Content starts

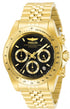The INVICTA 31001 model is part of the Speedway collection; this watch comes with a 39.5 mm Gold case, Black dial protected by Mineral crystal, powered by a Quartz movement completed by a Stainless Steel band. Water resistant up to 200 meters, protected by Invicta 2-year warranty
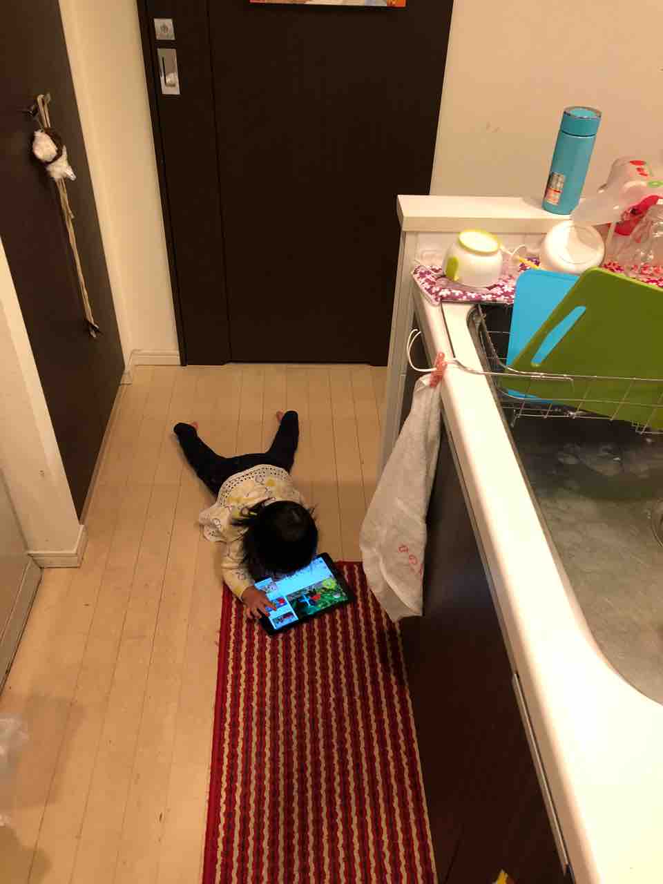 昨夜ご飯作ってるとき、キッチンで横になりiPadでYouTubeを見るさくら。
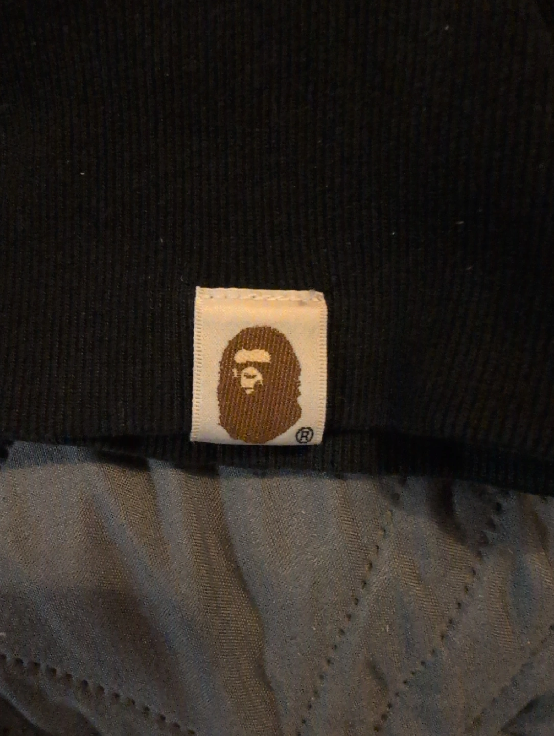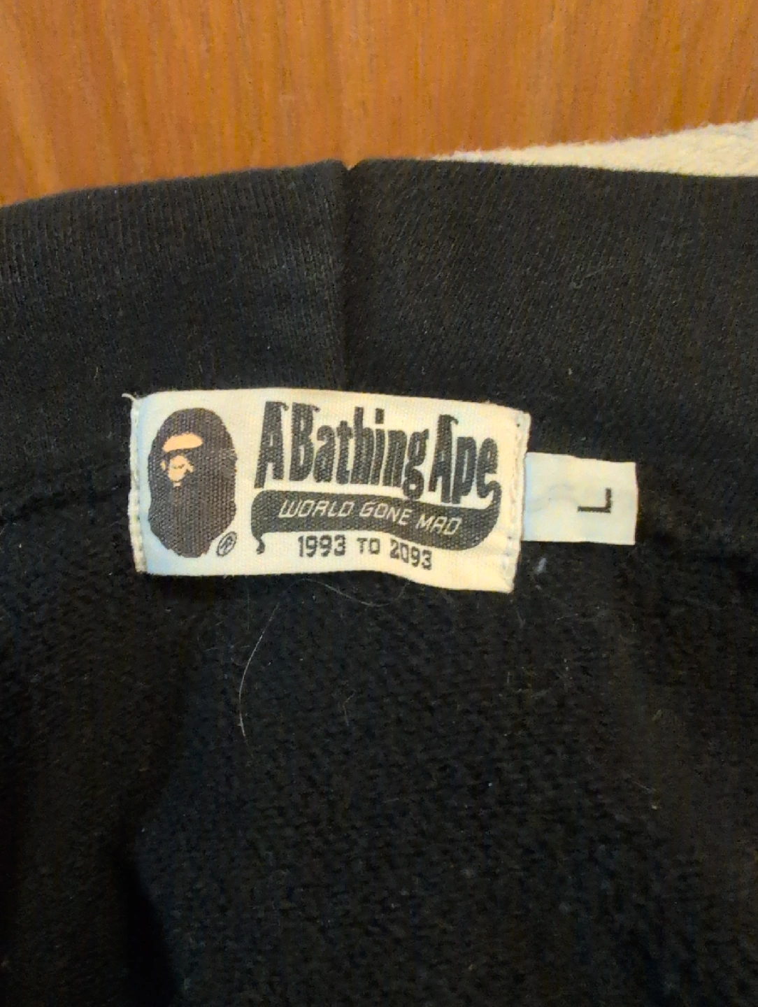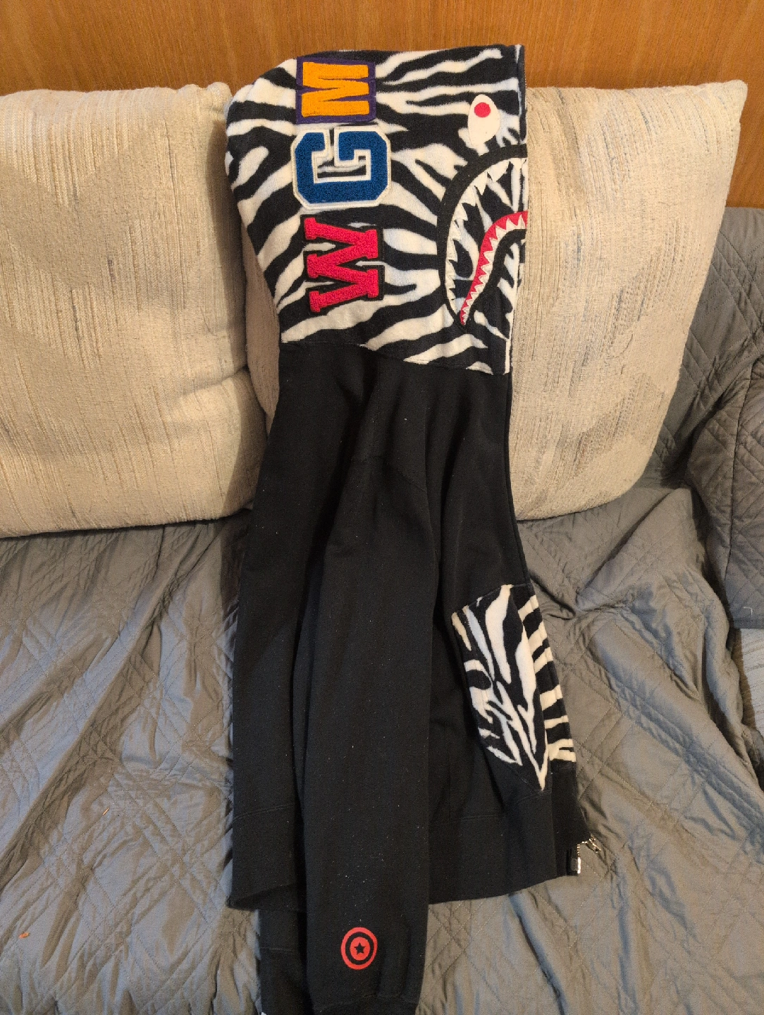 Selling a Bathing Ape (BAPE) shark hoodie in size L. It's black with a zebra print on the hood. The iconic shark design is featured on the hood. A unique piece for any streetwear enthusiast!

Content ends

Without including a single picture, restate all of the data word for word.

* Exercise answer *
The INVICTA 31001 model is part of the Speedway collection; this watch comes with a 39.5 mm Gold case, Black dial protected by Mineral crystal, powered by a Quartz movement completed by a Stainless Steel band. Water resistant up to 200 meters, protected by Invicta 2-year warranty
 昨夜ご飯作ってるとき、キッチンで横になりiPadでYouTubeを見るさくら。
 Selling a Bathing Ape (BAPE) shark hoodie in size L. It's black with a zebra print on the hood. The iconic shark design is featured on the hood. A unique piece for any streetwear enthusiast!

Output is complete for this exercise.